Ralser, M. et al. Dynamic re-routing of carbohydrate flux is important for combating oxidative stress. J. Biol. 6, 10 (2007).


Kuehne, A. et al. Acute activation of the pentose phosphate oxidative pathway as a first-line response to oxidative stress in human pores and skin cells. Mol. Cell 59, 359-371 (2015).


Mima, S. et al. Identification of the TPO1 gene in yeast and its human orthologue TETRAN, liable for resistance to NSAIDs. FEBS Lett. 581, 1457-1463 (2007).


Albertsen, M., Bellahn, I., Krämer, R. and Waffenschmidt, S. Location and performance of the yeast a number of transporter Tpo1p. J. Biol. Chem. 278, 12820-12285 (2003).


Uemura, T., Tachihara Okay., Tomitori H., Kashiwagi Okay. and Okay. Traits of TPO1 polyamine transporter and regulation of its exercise and its mobile localization by phosphorylation. J. Biol. Chem. 280, 9646-9652 (2005).
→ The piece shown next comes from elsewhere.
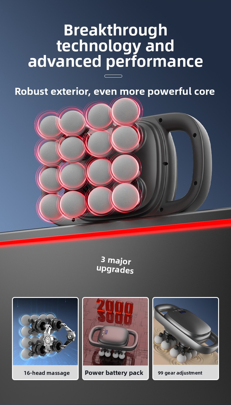 16-head massage: Provides comprehensive muscle relief with multiple attachment options.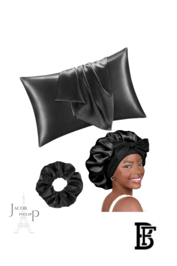 جاكوب وفيليب. استمتعي بشعر صحي مع هذه المجموعة النسائية من الساتان اللامع، لمسة من الأناقة والنعومة. تتميز هذه الوسادة الأنيقة من الساتان برباط شعر من الساتان وغطاء رأس أسود من الساتان بطبقة واحدة.

Krüger, A. et al. The Tpo1 mediated spermine and spermidine export controls the cell cycle time and multiplies by a number of occasions the expression of the antioxidant protein in the course of the oxidative stress response. EMBO Rep. 14, 1113-1119 (2013).


Ludwig, C. et al. SWATH-MS primarily based on impartial information acquisition for quantitative proteomics: a tutorial. Mol. Syst. Biol. 14, e8126 (2018).


Tomar, P.C., Lakra, N. & Mishra, S.N. Cadaverine. Conduct of the sign of the plant eight, 10 (2013).


Yamamoto, Y., Miwa, Y., Miyoshi, Okay., Furuyama, J. and Ohmori, H. The Escherichia coli ldcC gene encodes one other lysine decarboxylase, most likely a constitutive enzyme. Genes Genet. Syst. 72, 167-172 (1997).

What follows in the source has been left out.